BEA WebLogic Enterprise 4.2 Developer Center
		HOME \| SITE MAP \| SEARCH \| CONTACT \| GLOSSARY \| PDF FILES \| WHAT'S NEW
		Administration \| TABLE OF CONTENTS \| PREVIOUS TOPIC \| INDEX

Troubleshooting Applications

Other chapters of this document discuss many diagnostic tools provided by your WLE or BEA TUXEDO system: commands and log files that help you monitor a running system, identify potential problems while there is still time to prevent them, and detect error conditions once they have occurred. This chapter provides additional information to help you identify and recover from various system errors.

This chapter discusses the following topics:

Distinguishing Between Types of Failures

The first step in troubleshooting is to determine the area in which the problem has occurred. In most applications, you must consider six possible sources of trouble:

Application
The WLE or BEA TUXEDO system
Database management software
Network
Operating system
Hardware

To resolve the trouble in most of these areas, you must work with the appropriate administrator. If, for example, you determine that the trouble is being caused by a networking problem, you must work with the network administrator.

Determining the Cause of an Application Failure

To detect the source of an application failure, complete the following steps.

Check any WLE or BEA TUXEDO system warnings and error messages in the user log (ULOG).
Select the messages you think are most likely to reflect the current problem. Note the catalog name and the message number of each of those messages and look them up in the BEA WebLogic Enterprise System Messages or BEA TUXEDO System Message Manual. The document entry provides:
- Details about the error condition flagged by the message
- Recommendations for actions you can take to recover
Check any application warnings and error messages in the ULOG.
Check any warnings and errors generated by application servers and clients. Such messages are usually sent to the standard output and standard error files (named, by default stdout and stderr, respectively).
- The stdout and stderr files are located in $APPDIR.
- The stdout and stderr files for your clients and servers may have been renamed. (You can rename the stdout and stderr files by specifying -e and -o in the appropriate client and server definitions in your configuration file. For details, see the servopts(5) reference page in the BEA TUXEDO Reference Manual.)
Look for any core dumps in $APPDIR. Use a debugger such as sdb to get a stack trace. If you find core dumps, notify the application developer.
Check your system activity reports (by running the sar(1) command) to determine why your system is not functioning properly. Consider the following possible reasons:
- The system may be running out of memory.
- The kernel might not be tuned correctly.

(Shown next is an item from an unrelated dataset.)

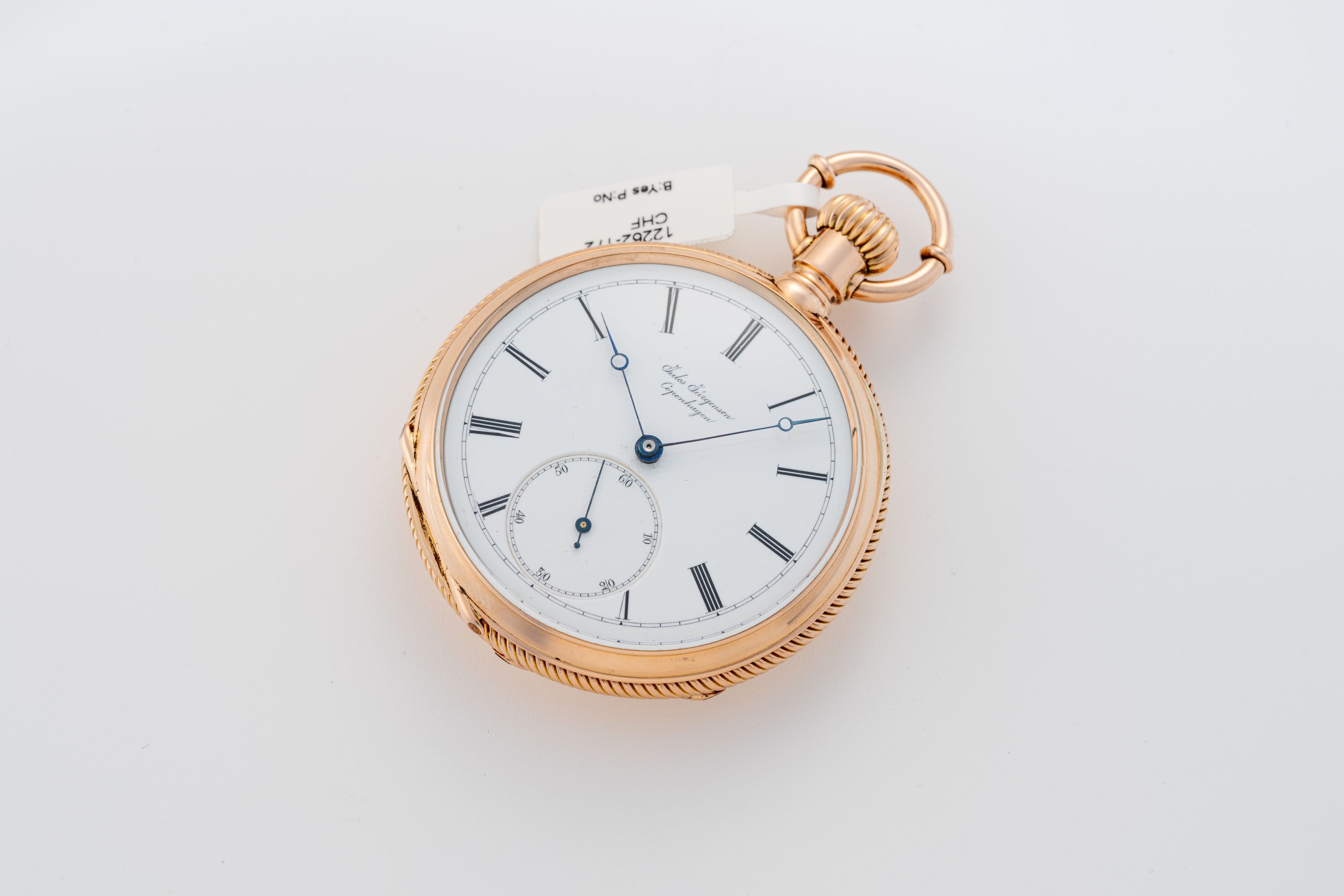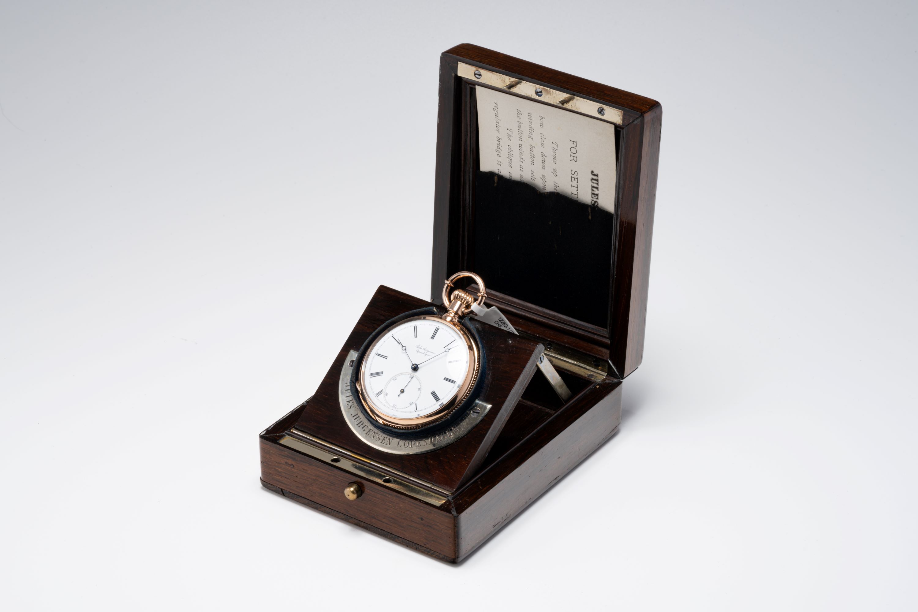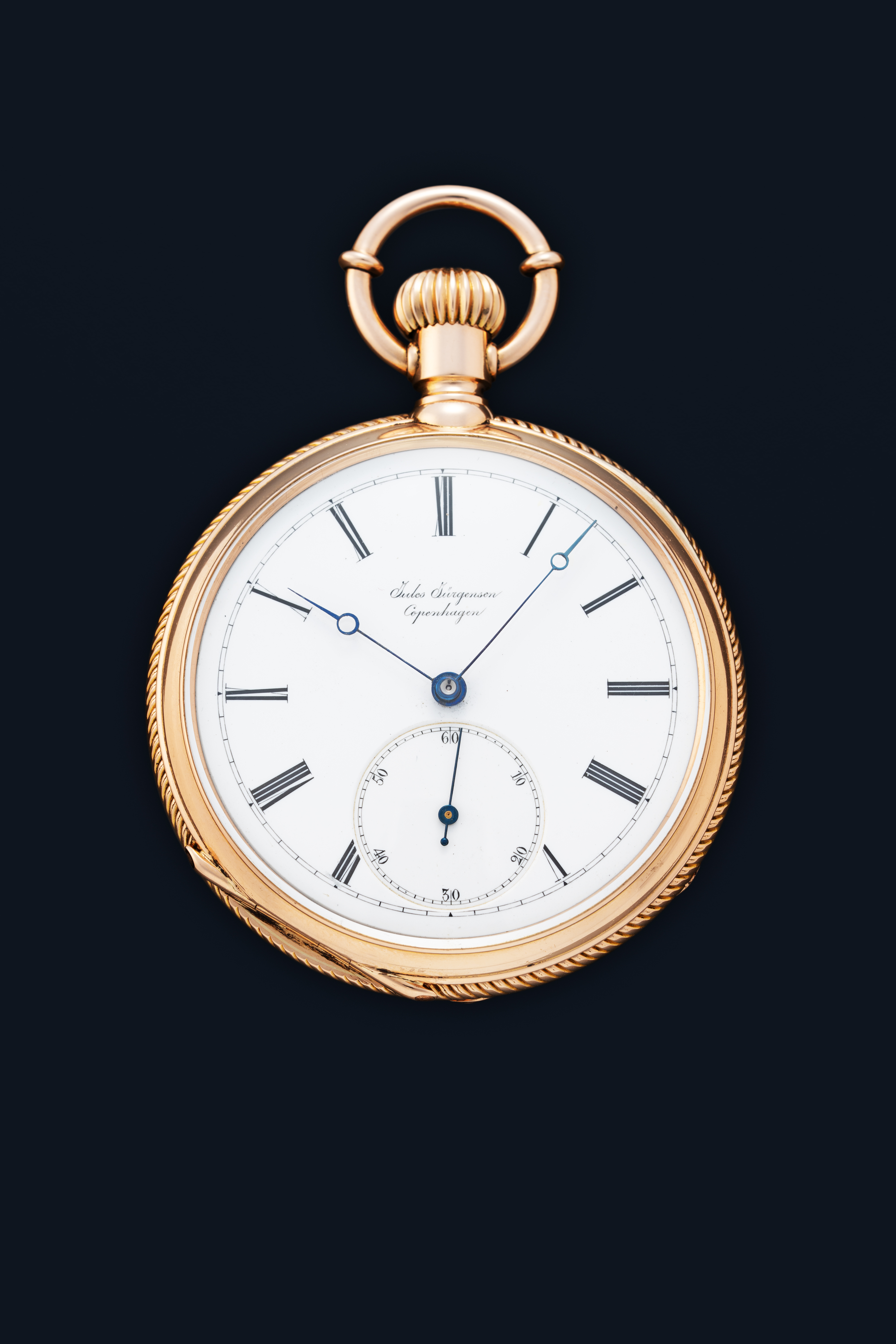DialWhite enamel dial with roman numerals, heat-blued Breguet hands, small seconds at 6 o'clock, signed 'Jules Jürgensen' at 12 o'clock

Determining the Cause of a WLE or BEA TUXEDO System Failure

To detect the source of a system failure, complete the following steps:

Check any WLE or BEA TUXEDO system warnings and error messages in the user log (ULOG):
- TPEOS messages indicate errors in the operating system.
- TPESYSTEM messages indicate errors in the WLE or BEA TUXEDO system.
Select the messages you think are most likely to reflect the current problem. Note the catalog name and message number of each of those messages and locate the messages in the BEA WebLogic Enterprise System Messages or the BEA TUXEDO System Message Manual. The message manual provides the following information about each system message:
- Details about the error condition flagged by the message
- Recommendations for actions you can take to recover

Broadcasting Unsolicited Messages (BEA TUXEDO System)

To send an unsolicited message, enter the following command.

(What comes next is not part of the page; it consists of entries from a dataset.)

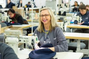 As tipoias da Mercur são feitas por um time de costureiras que atua em uma das sedes da empresa, localizada em Santa Cruz do Sul (RS). A costureira Roselei Meurer da Silva (foto) conta que foi um longo processo, de mais de um ano, trabalhando para fazer a tipoia ideal. “No primeiro momento olhamos o protótipo com a equipe que estava criando e aos poucos fomos trabalhando nas adaptações. Participei com as minhas dicas de costureira e algumas foram bem vindas, isso é o melhor de trabalhar criando junto, cada um contribui com os seus conhecimentos. Até fazer dar certo foram muitas tentativas, com erros seguidos de aprendizados, mas pude me concentrar e fazer com liberdade de criação para depois também ensinar para as colegas que agora trabalham comigo na produção da Tipoia”, conta.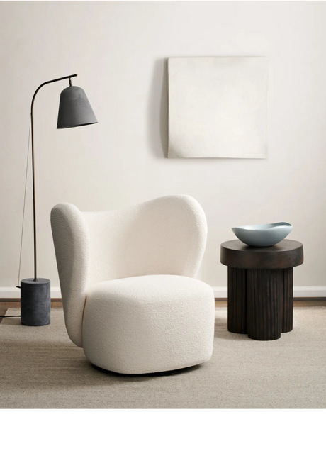 Nema armchair in taupe bouclé and solid ash wood with natural finish FSC 100%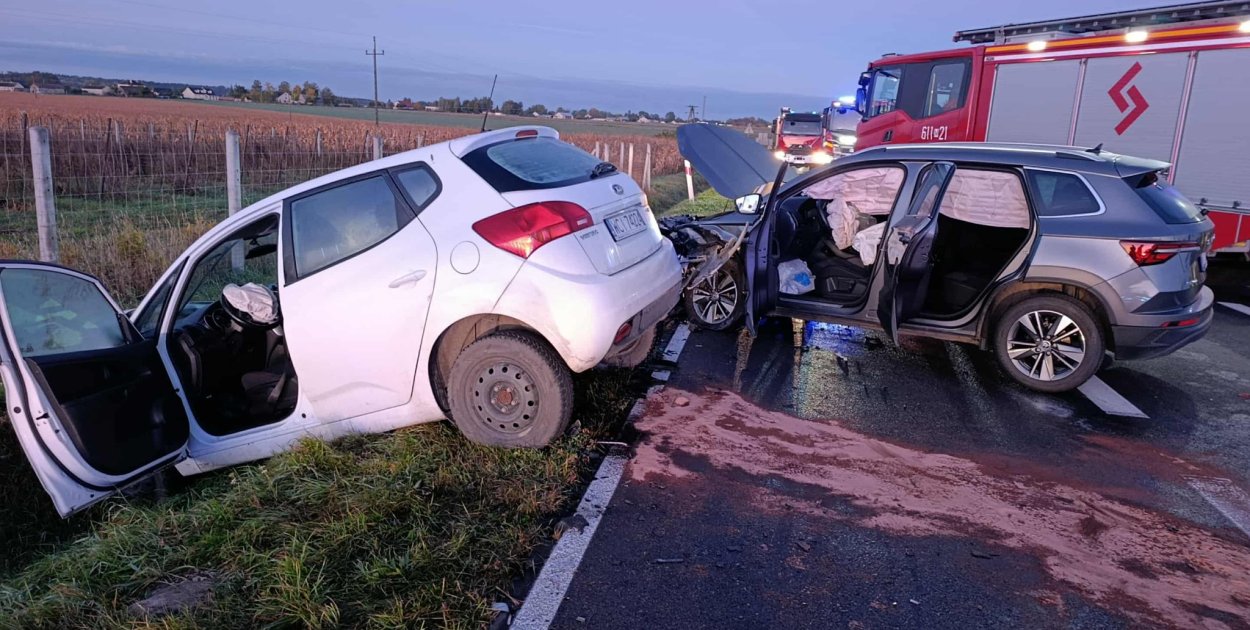 W poniedziałek 13 października br., tuż po godzinie 6 rano, doszło do groźnego wypadku drogowego w miejscowości Nowe Przewodowo (gm. Gzy). Na prostym odcinku drogi zderzyły się czołowo dwa samochody osobowe – biały hatchback oraz ciemnoszary SUV.

broadcast (bcst) [-m machine] [-u usrname] [-c cltname] [text]

By default, the message is sent to all clients. You have the choice, however, of limiting distribution to one of the following recipients:

One machine (-m machine)
One client group (-c client_group)
One user (-u user)

The text may not include more than 80 characters. The system sends the message in a buffer of type STRING. This means that the client's unsolicited message handling function (specified by tpsetunsol(0)) must be able to handle a message of this type. The tptypes() function may be useful in this case.

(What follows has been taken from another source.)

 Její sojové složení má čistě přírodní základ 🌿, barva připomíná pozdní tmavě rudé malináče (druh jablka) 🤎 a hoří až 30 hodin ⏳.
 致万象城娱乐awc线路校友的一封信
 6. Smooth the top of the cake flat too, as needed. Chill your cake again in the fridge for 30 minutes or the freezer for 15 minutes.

Performing System File Maintenance

This section provides instructions for the following tasks that you may need to perform in the course of maintaining your file system:

Creating a device list
Destroying a device list
Reinitializing a device
Printing the Universal Device List
Printing VTOC information

Creating a Device List

Complete the following steps to create a device list.

Start a tmadmin session.
Enter the following command.
```
crdl [-z devicename] [-b blocks]
```
- The value of devicename [devindx] is the desired device name. (Another way to assign a name to a new device is by setting the FSCONFIG environment variable to the desired device name.)
- The value of blocks is the number of blocks needed. The default value is 1000 pages.
  
  Note: Because 35 blocks are needed for the administrative overhead associated with a TLOG, be sure to assign a value higher than 35 when you create a TLOG.

Destroying a Device List

To destroy a device list with index devindx, enter the following command.

dsdl [-z devicename] [yes] [devindx]

You can specify the device by:
- Entering its name after the -z option (as shown here), or
- Setting the environment variable FSCONFIG to the device name
If you include the yes option on the command line, you will not be prompted to confirm your intention to destroy the file before the file is actually destroyed.
The value of devindx is the index to the file to be destroyed.

Reinitializing a Device

To reinitialize a device on a device list, enter the following command.

initdl [-z devicename] [-yes] devindx

You can specify the device by:
- Entering its name after the -z option (as shown here), or
- Setting the environment variable FSCONFIG to the device name
If you include the -yes option on the command line, you will not be prompted to confirm your intention to destroy the file before the file is actually destroyed.
The value of devindx is the index to the file to be destroyed.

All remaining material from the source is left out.